When $A$ has zero entries, then the problem reduces to find $\inf_{X,T}||XT-S||^2$ under the condition $t_{ij}=0$ when $(i,j)\in U$.

2
On

$ \def\LR#1{\left(#1\right)} \def\qiq{\quad\implies\quad} \def\p{\partial} \def\grad#1#2{\frac{\p #1}{\p #2}} \def\c#1{\color{red}{#1}} \def\CLR#1{\c{\LR{#1}}} \def\bp{{\boldsymbol +}} \def\fracLR#1#2{\LR{\frac{#1}{#2}}} $In addition to $Z,\,$ it will prove convenient to define the matrix $W$ as $$\eqalign{ W &= A\odot Y \qiq Z=XW-S \\ }$$ Set the two gradients (that you calculated in the comments) to zero, and use pseudoinverses to solve them independently $$\eqalign{ \grad{f}{X} &= ZW^T=\LR{XWW^T-SW^T}\doteq 0&\qiq X=SW^\bp \\ \grad{f}{Y} &= A\odot(X^TZ)=A\odot\LR{X^TXW-X^TS}\doteq 0&\qiq W=X^\bp S \\ }$$ Alternating Least Squares (ALS) can be used to solve for the optimal $(X,W)$ matrices $$\eqalign{ X_{k+1} = SW_k^\bp ,\qquad W_{k+1} = X_{k+1}^\bp S ,\qquad k = {k+1} \\ }$$ Using random $(A,S)$ matrices of various $(L,M,N)$ dimensions and random initializations for $(X_0,Y_0)\;$ I observed the following behavior:


$\qquad$If $\,M\ge\min(L,N)\,$ then the iteration converges in a single step.
$\qquad$In this case, $f\approx 0$ and both gradients $\approx 0$

$\qquad$If $\,M<\min(L,N)\,$ then the iteration converges after a few dozen steps.
$\qquad$In this case, $f>0$ but both gradients $\approx 0$


Like Non-negative Matrix Factorization (NMF), the factors $(X,W)$ are not unique. Each $(X_0,W_0)$ leads to a different minimum and finding the global minimum is NP-hard.
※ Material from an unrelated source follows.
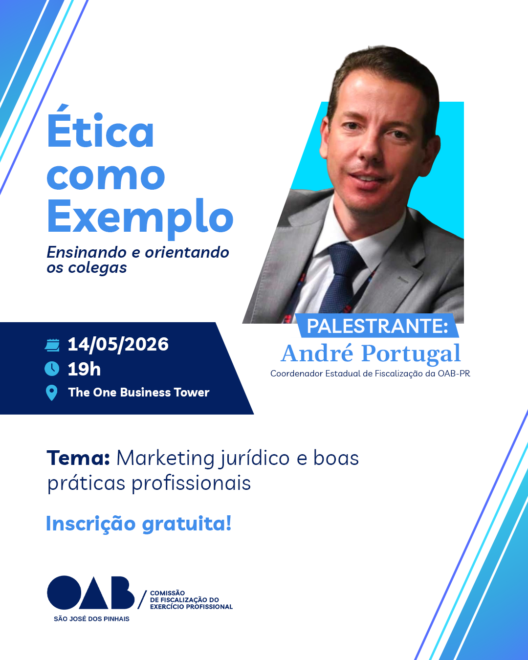 O palestrante André Portugal, Coordenador Estadual de Fiscalização da OAB-PR, trará reflexões práticas e alinhadas às normas da profissão.

This similarity to NMF suggests another idea, i.e. Lee-Seung iteration $$\eqalign{ X_+ = X\odot\fracLR{SW^T}{XWW^T} ,\qquad W_+ = W\odot\fracLR{X^TS}{X^TXW} }$$ This iteration uses element-wise division and avoids calculating the pseudoinverse at each step. Each step is inexpensive, but it converges very slowly, often requiring thousands of iterations.

However, Lee-Seung iteration does confer control over the structure of the $(X,W)$ factors, i.e. any zero element of $X_0$ will create a corresponding zero element in the final $X$ factor. This can be used to generate upper/lower triangular factors.

Element-wise positivity (or negativity) of the factors can be controlled in a similar fashion. Likewise column (or row) normalization constraints can be imposed on one of the factors at each iteration.